Duration: 60 minutes
Cloud Composer is a managed service for building, scheduling, and running workflow orchestration pipelines for hybrid and multi-cloud environments. It uses an open-source Apache Airflow service at the backend. Cloud Composer uses DAGs. The Cloud Composer Environment comprises a GKE Cluster, a Cloud Storage bucket, a Web Server(App Engine), and a Database(Cloud SQL) accompanied by Monitoring and Logging features.
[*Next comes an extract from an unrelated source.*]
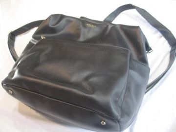 Mina Baie bundle diaper bag in nylon, napa leather, and neoprene Flat top handle Removable shoulder strap Two-way zip top closure Exterior, three slip pockets Interior, five slip pockets and one zipper pocket Includes changing mat and removable handles Overall, approx. 15.5"W x 7"D x 12.5"T Item Weight (Lbs.): 1.5 Trim: Leather Imported
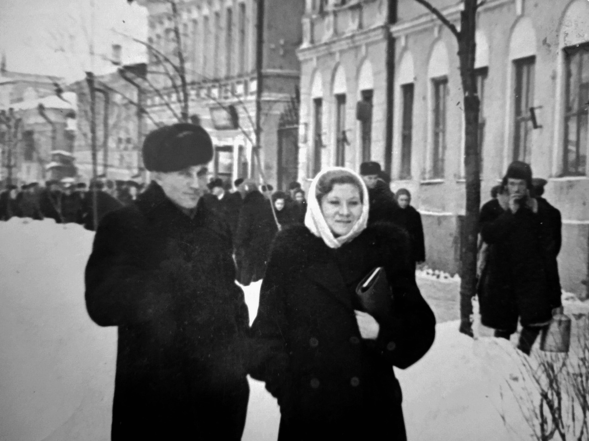 Справа дом Свешникова, а люди идут со стороны Кировского сквера.

Though the creation of a Cloud Composer environment requires 10-20 minutes, it does provides a plethora of advantages such as automation of workflows and easy integration with Python libraries, and lastly well integrated with other Google Cloud services such as BigQuery, Dataproc. The only precondition to excel in Cloud Composer is you should be proficient in Python Programming Language.
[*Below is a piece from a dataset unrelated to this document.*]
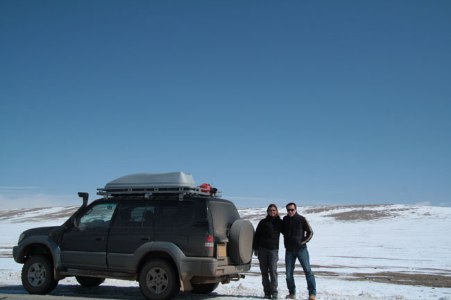 Leaving Choir, the change in climactic conditions and landscape is severe. We’d noticed progressively larger patches of snow as we headed north yesterday, but today we are immediately, and permanently, surrounded by white-blanketed plains. We’re glad the tarmac is here; driving on tracks through this would be slow and treacherous (although it makes us wonder what we have in store when we leave UB and head west).

This lab is an Incremental Version of Creating a Composer Environment, and navigating in the Airflow UI Lab. Kindly go through it to explore more about Cloud Composer.
A DAG can be defined as a collection of tasks with defined dependencies and relationships that you want to schedule and run. It's created using Python Language. In DAGs No Cycle should be present.
DAGs comprise Nodes and Edges. Nodes in a DAG are the tasks that we want to execute in a DAG. Node is sometimes called an Operator. It's automatically triggered but can be Triggered multiple times i.e. you can create as many DagRuns as you want. DagRuns are just the number of instances your Dag is executed.
Each task in a DAG can represent almost anything like sending the data to BigQuery or Running a Pipeline.
Creating a Cloud Composer environment.
Navigating to Airflow UI.
Create a DAG for printing Hello World.